MPs on the business committee also want to question the couple as part of its inquiry into the sale and acquisition of BHS. Sir Philip has been asked to say when he will be available to appear “in the coming weeks” for the special joint hearing for the entrepreneur.
Dominic Chappell, who led a consortium called Retail Acquisitions that bought BHS for £1 last year, is also being called as a witness by MPs.
Frank Field, chair of the committee, said: “The spine of our inquiry is looking at how and where money went out of the company, to whom it went, and how this may have disadvantaged the pensioners.”
Allan Leighton, the chairman of the Co-operative Group, is understood to be considering a rescue bid for part of BHS, nine years after leaving the chain. Administrators, who were appointed last week, are hoping to sell at least part of BHS as a going concern and save some of the 11,000 jobs at risk.
Leighton, a previous boss of Asda and the Royal Mail, is among up to 10 potential bidders looking at buying up to 60 BHS stores, and possibly the brand name, too. Other contenders are believed to include Sports Direct, Edinburgh Woollen Mill owner Philip Day, B&M Stores and Yousuf Bhailok, a Preston-based millionaire property owner.

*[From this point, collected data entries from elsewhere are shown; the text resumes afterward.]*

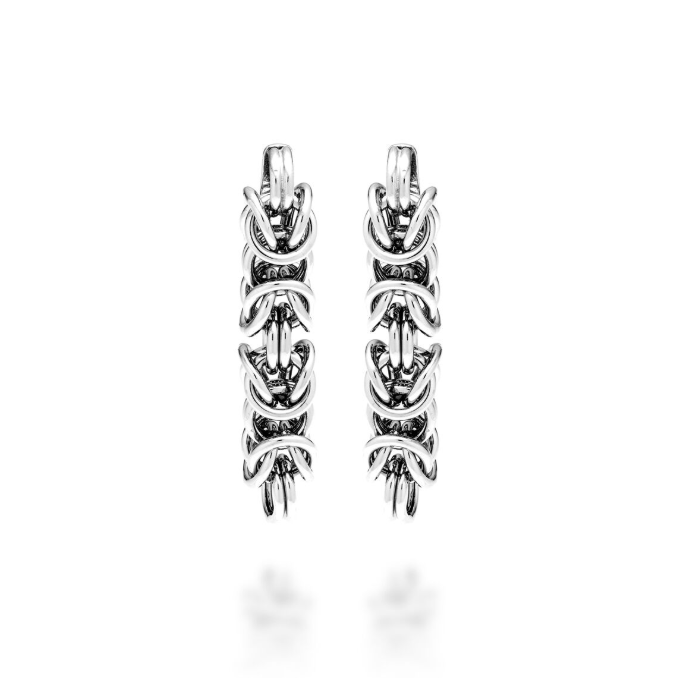 Dall’antica maglia bizantina nascono questi orecchini giovani e frizzanti in argento. Bellezza contemporanea che si rinnova nelle forme e nei volumi. Fatto completamente a mano.
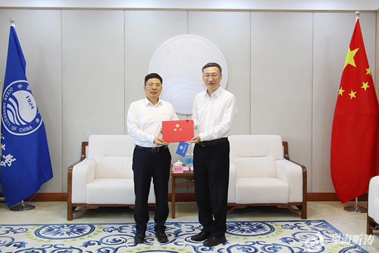 張峻峰向周云杰(左)頒發(fā)中國海洋大學(xué)研究生合作指導(dǎo)教師聘書
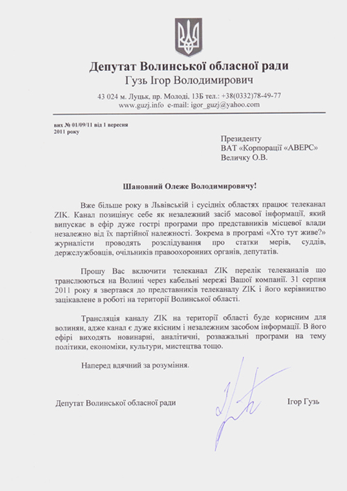 Депутат Волинської обласної ради Ігор Гузь звернувся до представників корпорації «Аверс» із пропозицією транслювати телеканал ZIK на Волині через мережі кабельного мовника.

Sir Philip has also been rumoured to be considering buying back the chain that he sold to the consortium led by Chappell, a former bankrupt.

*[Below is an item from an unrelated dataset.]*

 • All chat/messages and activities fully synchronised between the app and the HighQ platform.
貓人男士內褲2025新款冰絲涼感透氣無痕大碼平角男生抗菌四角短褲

Chappell, who led BHS into administration with debts of £1.3bn, has also claimed he is considering a bid for the company. He said: “We have some angles and we have a reasonable chance of getting a bid in.” A spokesman for BHS said such an idea was “pure fantasy”.
Leighton tried to buy the chain from Green nine years ago, just before the former Asda boss stepped down as chairman of BHS.
The retail heavyweight was chairman of BHS between 2000 and 2007, during which time he was paid more than £2.6m. Under his chairmanship, more than £422m in dividends was paid out to BHS shareholders, including the Green family, ragtrade entrepreneur Richard Caring and Scottish multimillionaire Sir Tom Hunter.
Leighton was not a shareholder, but was responsible for the running of the business, which was profitable throughout his tenure and had net pension assets of £3.4m before tax in March 2008, three months after he left.
Leighton’s interest in buying BHS comes as those involved in the troubled chain’s history are likely to face scrutiny. The Guardian has revealed that former racing driver Chappell could be forced to return millions of pounds paid to his consortium during its controversial 13-month ownership of BHS.
The legal director of BHS has written to Chappell asking him for £50,000 that has not been repaid after he moved £1.5m from the retailer to an obscure corporate vehicle in the days before the store chain’s collapse.
Meanwhile, the BHS administrators are also examining whether loans paid to Retail Acquisitions, Chappell’s consortium, can be called in.
City grandee Paul Myners said there were “big questions that need to be asked about the stewardship of this company under the ownership of Lady Green and the management of Sir Philip Green”.